## Exercise data
━━━━━━

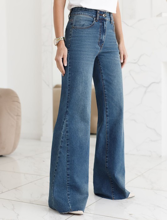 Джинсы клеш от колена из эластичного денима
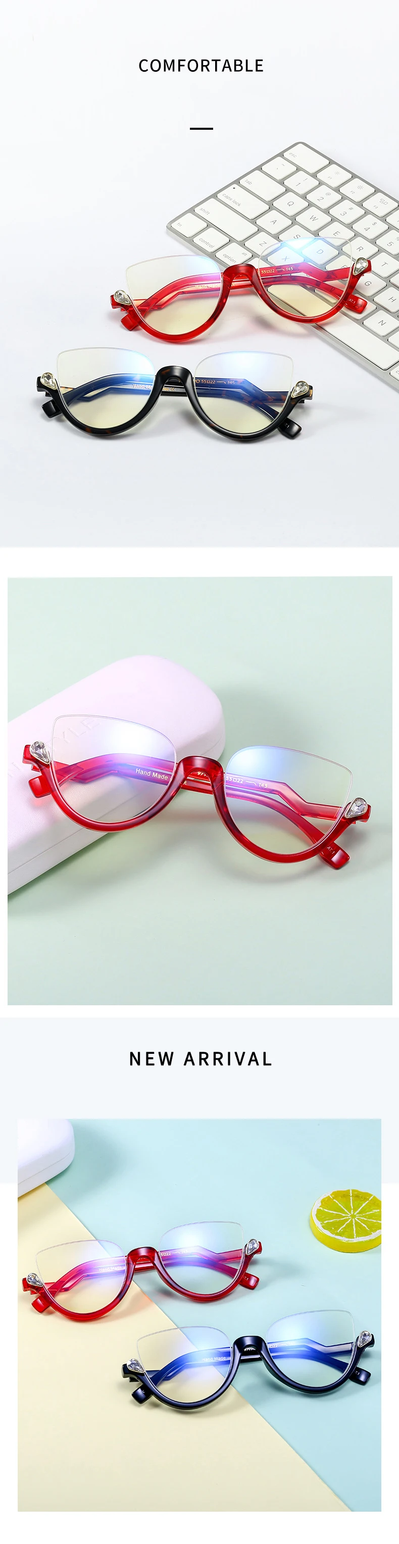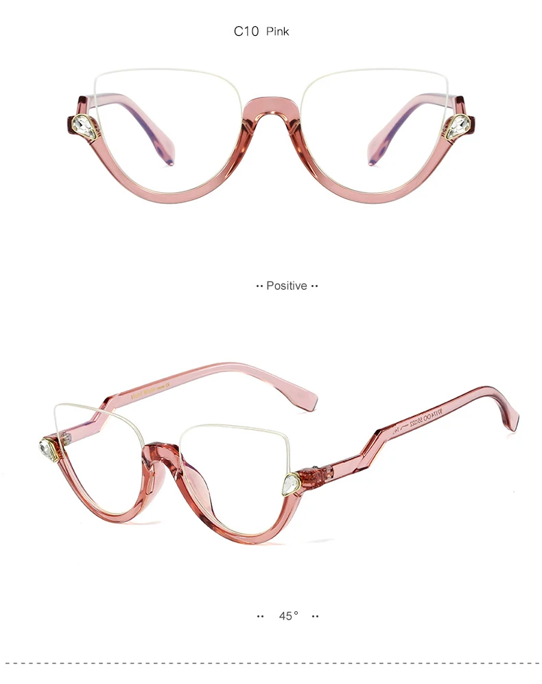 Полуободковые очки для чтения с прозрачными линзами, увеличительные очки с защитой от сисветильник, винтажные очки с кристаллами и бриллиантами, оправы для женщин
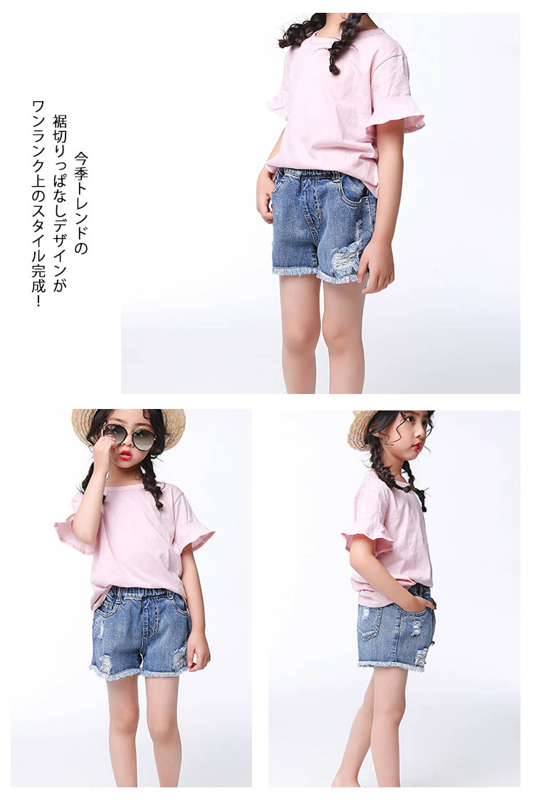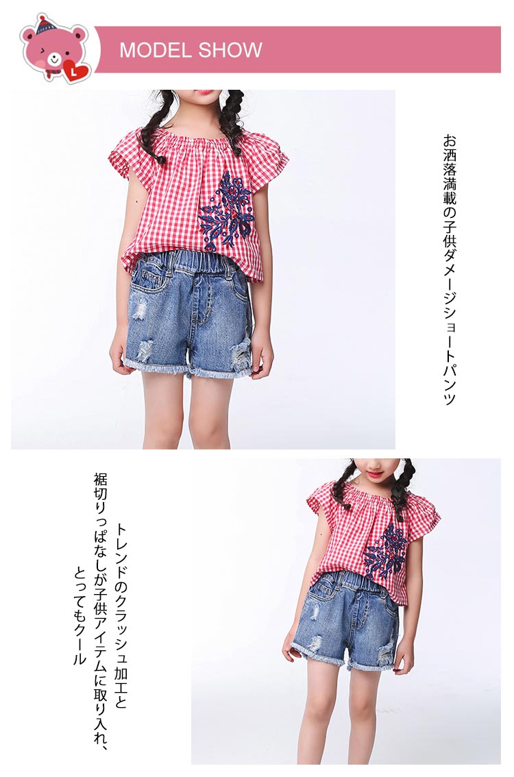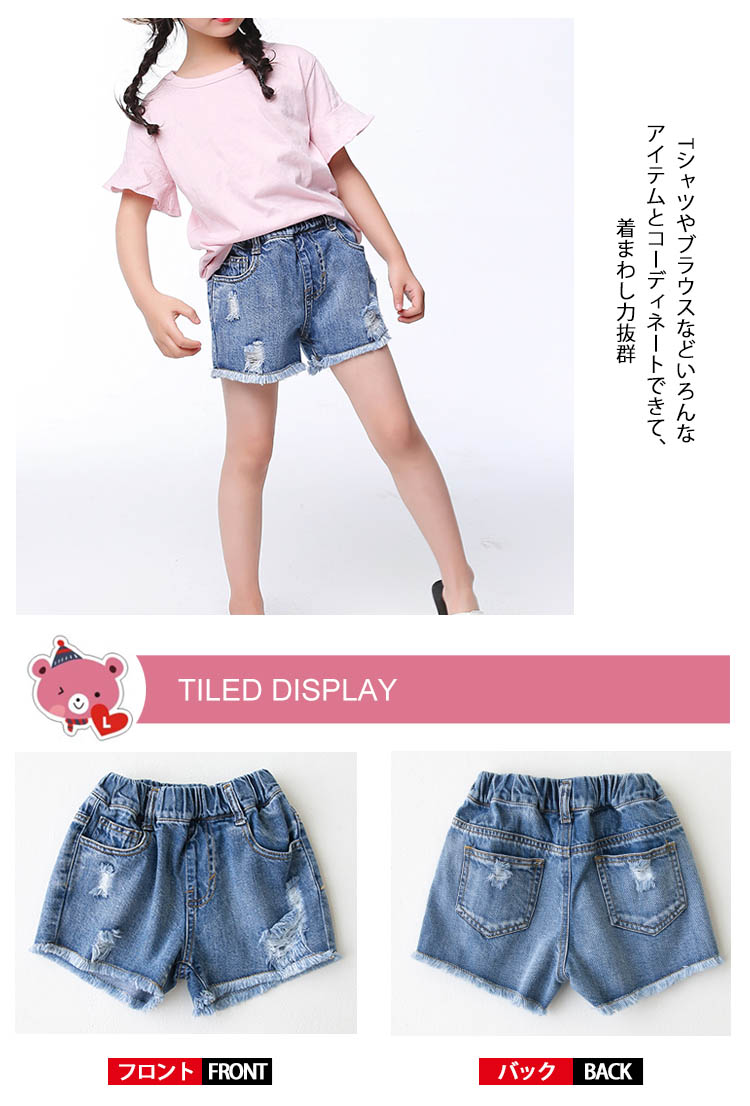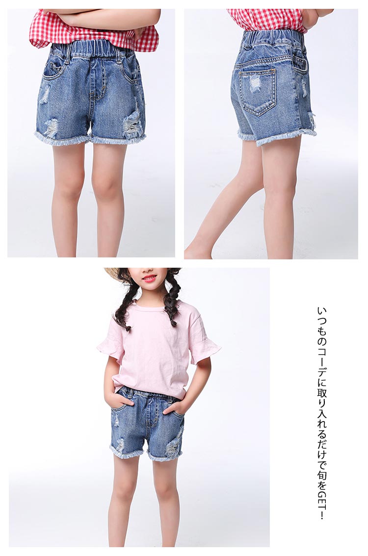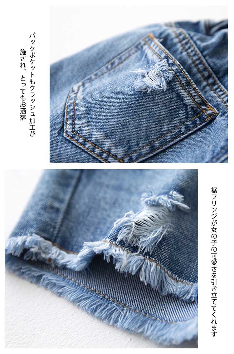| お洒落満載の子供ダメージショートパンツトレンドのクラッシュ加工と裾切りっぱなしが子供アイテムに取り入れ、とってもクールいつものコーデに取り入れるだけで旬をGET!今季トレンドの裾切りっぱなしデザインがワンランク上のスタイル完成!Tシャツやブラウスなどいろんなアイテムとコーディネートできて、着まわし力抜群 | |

━━━━━━

## What you are asked to do
Please transcribe the material above exactly as written. Leave the pictures out.

## Result for this exercise
 Джинсы клеш от колена из эластичного денима
 Полуободковые очки для чтения с прозрачными линзами, увеличительные очки с защитой от сисветильник, винтажные очки с кристаллами и бриллиантами, оправы для женщин
| お洒落満載の子供ダメージショートパンツトレンドのクラッシュ加工と裾切りっぱなしが子供アイテムに取り入れ、とってもクールいつものコーデに取り入れるだけで旬をGET!今季トレンドの裾切りっぱなしデザインがワンランク上のスタイル完成!Tシャツやブラウスなどいろんなアイテムとコーディネートできて、着まわし力抜群 | |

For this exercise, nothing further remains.